Two days ago I experienced a parent’s worst nightmare. I got a call from my daughter 5 minutes after she was supposed to be on the school bus.

“Dad. Come quick...”
“A guy in all black is chasing me...”
“I ran into Kelly’s house and he’s banging on the door right now trying to get in...”
“Please come quick!”

The next few minutes were a blur. I bolted out the door in my PJ’s. I wasn’t sure what to expect but it didn’t matter. My adrenaline was at an all time high and I was ready to fight or take a bullet.

I knocked on the door. No answer. I banged on the door. No answer. I called. No answer. So I started yelling.

“Bebe, it’s me.”
“Bebe!”

Finally, she opens the door. Apparently they were hiding under her friends bed. She later told us what happened.

A black guy dressed in all black wearing a face-mask walked towards her while she waited for her bus. She yelled and ran when he started walking faster towards her. Then he too ran yelling ‘hey you stop’. She bolted in the house and a few minutes later he was banging on the door.

The next twelve hours were very revealing for my wife and I. We went online and found there were 12 sex offenders within a mile of our house. I wanted to go knock on all 12 doors to see if one of them chased my daughter. I wanted to hurt someone. Punch someone. Fight someone.

I was angry, disgusted and hurt.

At some point during the day, the thought ‘love your enemies’ came to mind and I honestly almost laughed out loud.

Really? Love my enemies? Sure I can do that.
But what if a sex offender just tried to get my daughter?
Am I supposed to love them too?
Couldn’t even conceive that in the moment.

Later at night, I got a call about a parent who saw the whole thing happen. Apparently Bebe’s bus was stuck in snow two streets over and the bus driver got out to inform the kids he was running behind. He was dressed in all black with a face-mask. Long story short, he was walking towards bebe to get her attention about running late and she did what we told her to do: Never engage strangers.

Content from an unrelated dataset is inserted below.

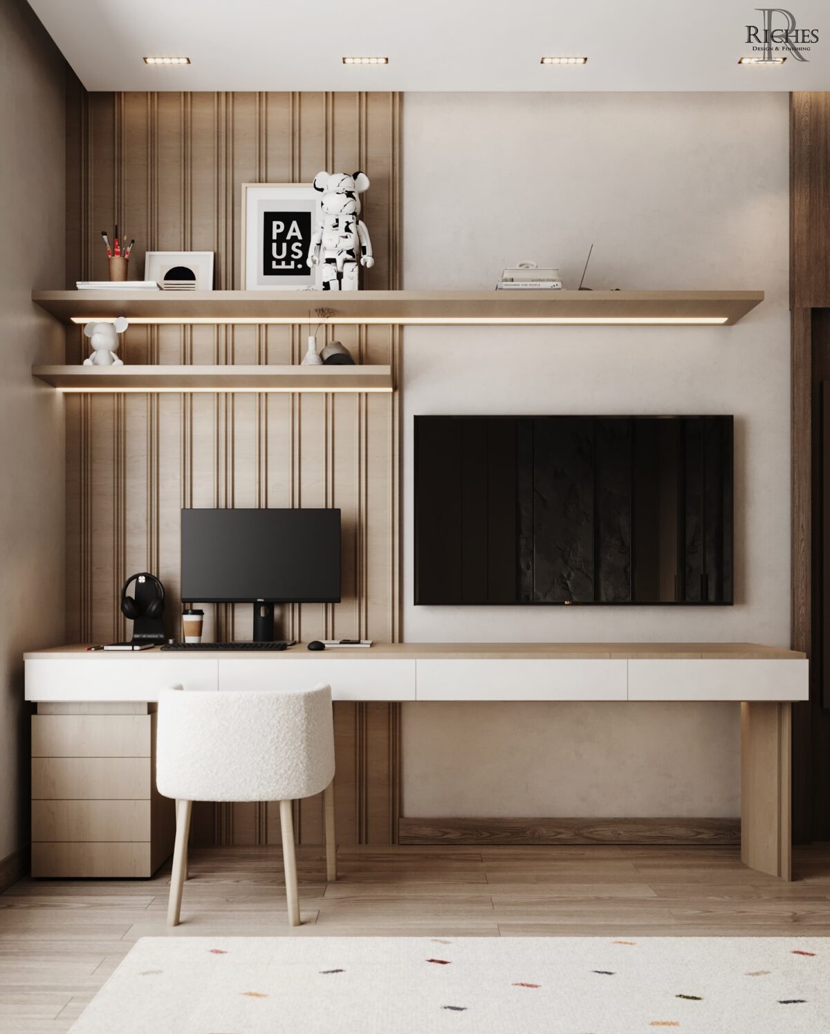 في جانب التصميم، Riches For Design & Finishing بتركّز على البساطة المتوازنة، بعيد عن الزحمة أو التفاصيل الكتير اللي ممكن تتعب مع الوقت. اختيار الألوان بيكون هادي ومريح للعين، يساعد إن المكان يبان أوسع وأهدى. التناسق بين الخامات واللمسات النهائية بيدي إحساس بالترتيب والاستقرار، وده مهم جدًا في بداية حياة جديدة.

Saying we felt relief would be an understatement. We were thankful, happy and proud of how bebe handled the whole situation.

But I gotta tell you this little incident exposed parts of my heart that i never thought existed. I was so disgusted and angry, and to be honest I’m not sure how to process it all so I’m asking for insight.

What do you think?

Like I said there are 12 registered sex offenders around me. 12 people who in my opinion pose a threat to my family.

What do I do with this knowledge? Should I have automatically assumed the worst about them? How do I love them? Where do they fit in Gods story? How does the church respond? Out of sight, out of mind? What about my heart? If the story had ended differently, was I really supposed to love this guy? Should there be a difference between how I and my non-Christian neighbor responds to our sex offender neighbors? If so, what is it?

A ocean of questions today. Feel free to jump in anywhere. I really could use some insight.